Making it work, however, is a time and labor intensive process. And it comes back to the question of whether an international GP is equipped to deliver.
"Placing a few phone calls and putting people in touch is one thing but having that as part of your thesis - that we are going to dedicate resources outside of the home country and help the company really achieve outsize growth in that other market - is pretty hard to do," KKR's Bookmyer says.

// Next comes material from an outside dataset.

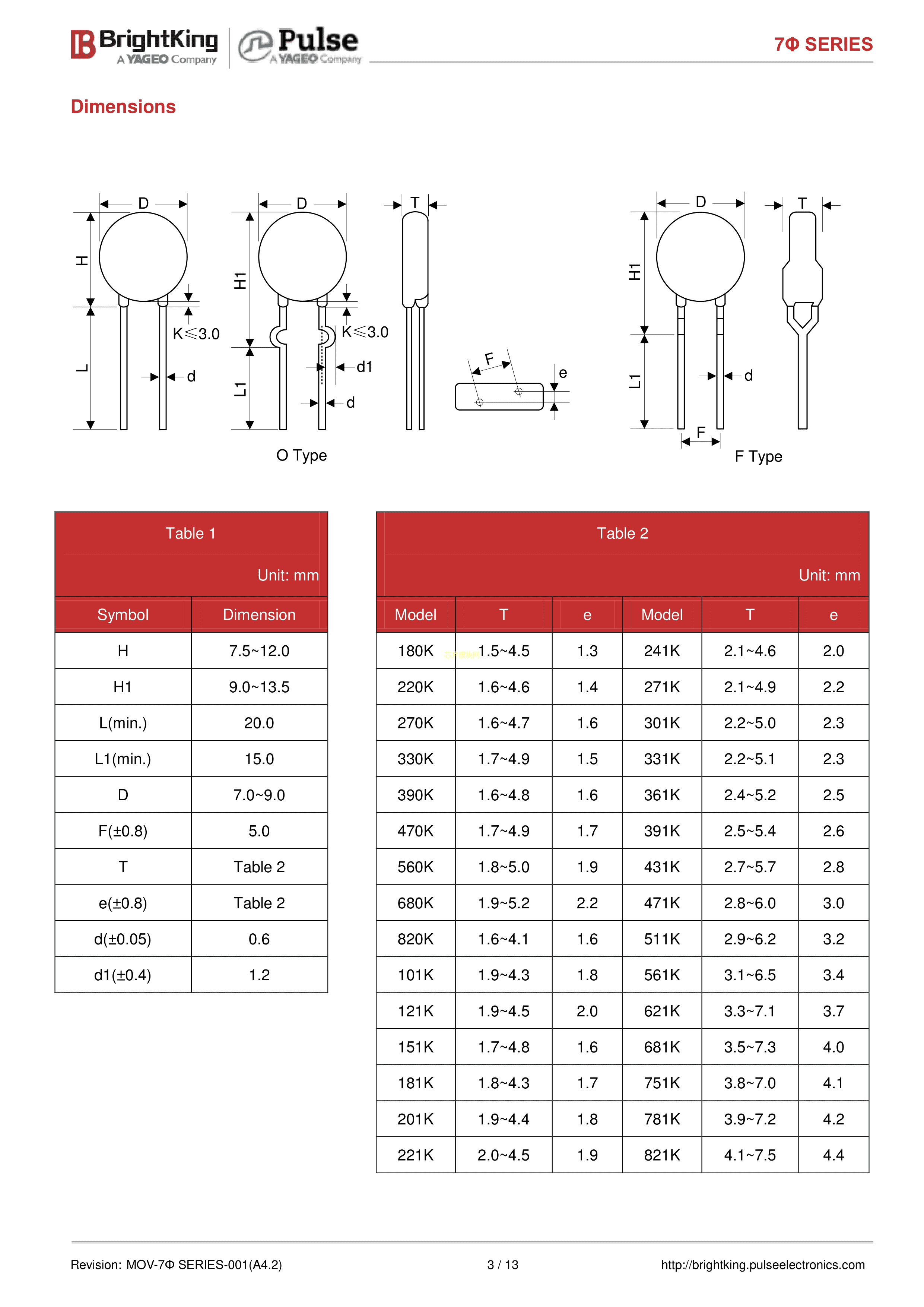 511KD07J-TR数据手册径向引线P5.0mm封装Brightking(台湾君耀)PDF规格书,中英文下载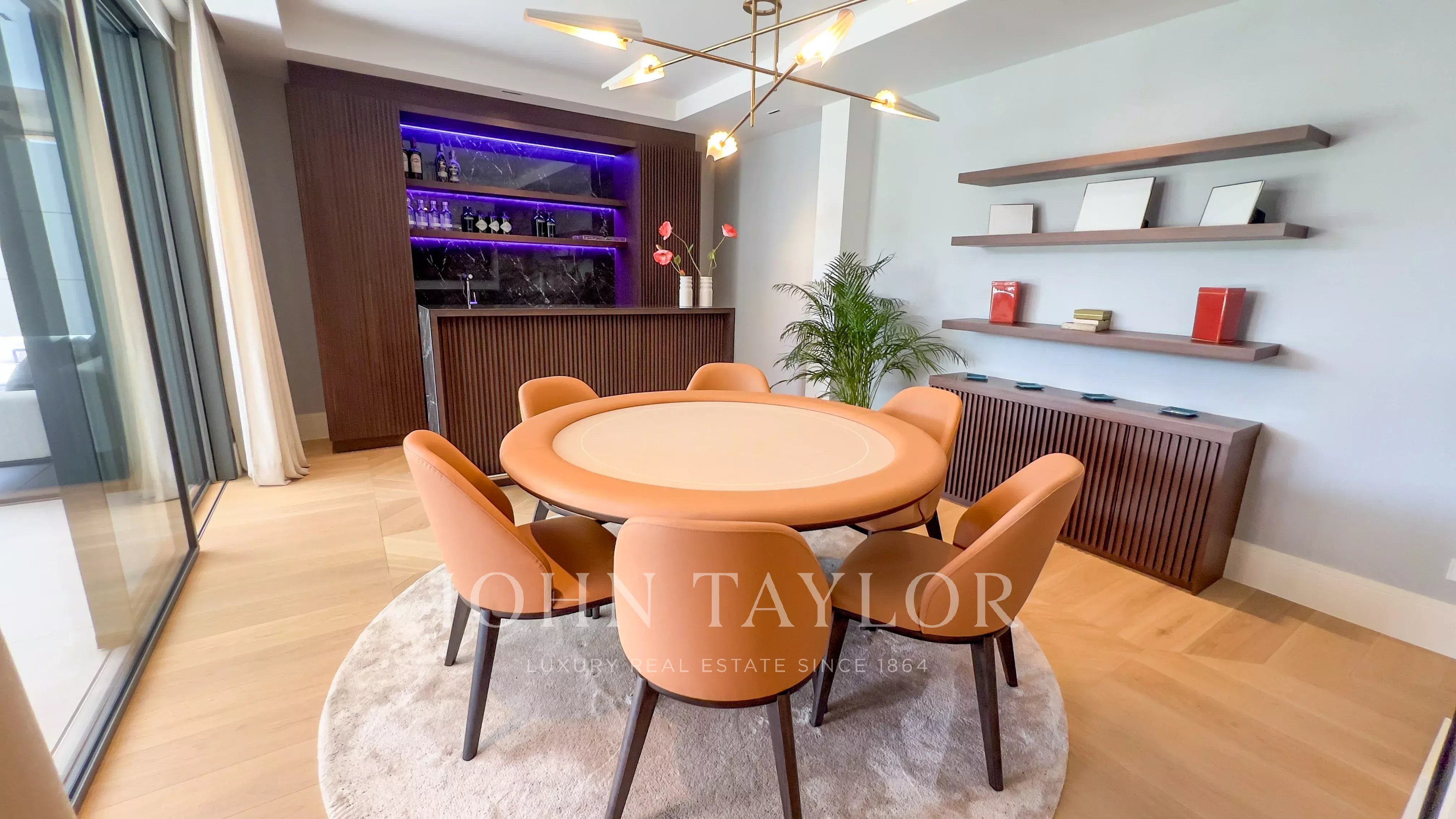 O piso principal abriga um elegante hall de dois andares, grande sala de estar com saída para o jardim e a piscina, sala de estar com bar, cozinha de design equipada com eletrodomésticos Gaggenau e área de serviço. Neste nível também está a suíte principal, com sala privada, dois closets e banheiro privativo, além de lavabo para convidados.

In addition to helping portfolio companies expanding overseas, some GPs, including Hony, CITIC PE, Fosun International and CDIB Capital, are trying to work it the other way around - acquiring overseas businesses with a significant China angle and developing them domestically.
Fosun has been particularly aggressive in this regard, adding a string of overseas luxury brands to its portfolio. The company bought a 35% stake in Italian luxury menswear manufacturer and retailer Caruso in September and has invested in Greek jewelerFolliFollie Group and upscale US knitwear maker St. John Knits. It is also involved in a take-private bid for France-based vacation resort operator Club Méditerranée in association with Axa Private Equity.
Comparisons can be drawn between Fosun's approach and typical bolt-on strategy: the Chinese company is itself the acquisition platform, scooping up a collection of international assets that could in theory be rolled out synergistically in China.
However, HSBC's Chu asks whether this approach is a good fit for the target market. A PE firm may see lateral acquisitions as the best way to drive growth for an Australian company, but its Chinese counterpart operates in a very different commercial environment.
"In more mature markets, the underlying scenario is these companies are likely facing slower growth prospects. In these cases, bolt-on acquisitions can help achieve inorganic growth which should help to build equity value for these sponsor-backed companies," he says. "In faster growing developing markets such as China, though, a sponsor-backed company may not necessarily need to execute that kind of M&A strategy to pursue growth."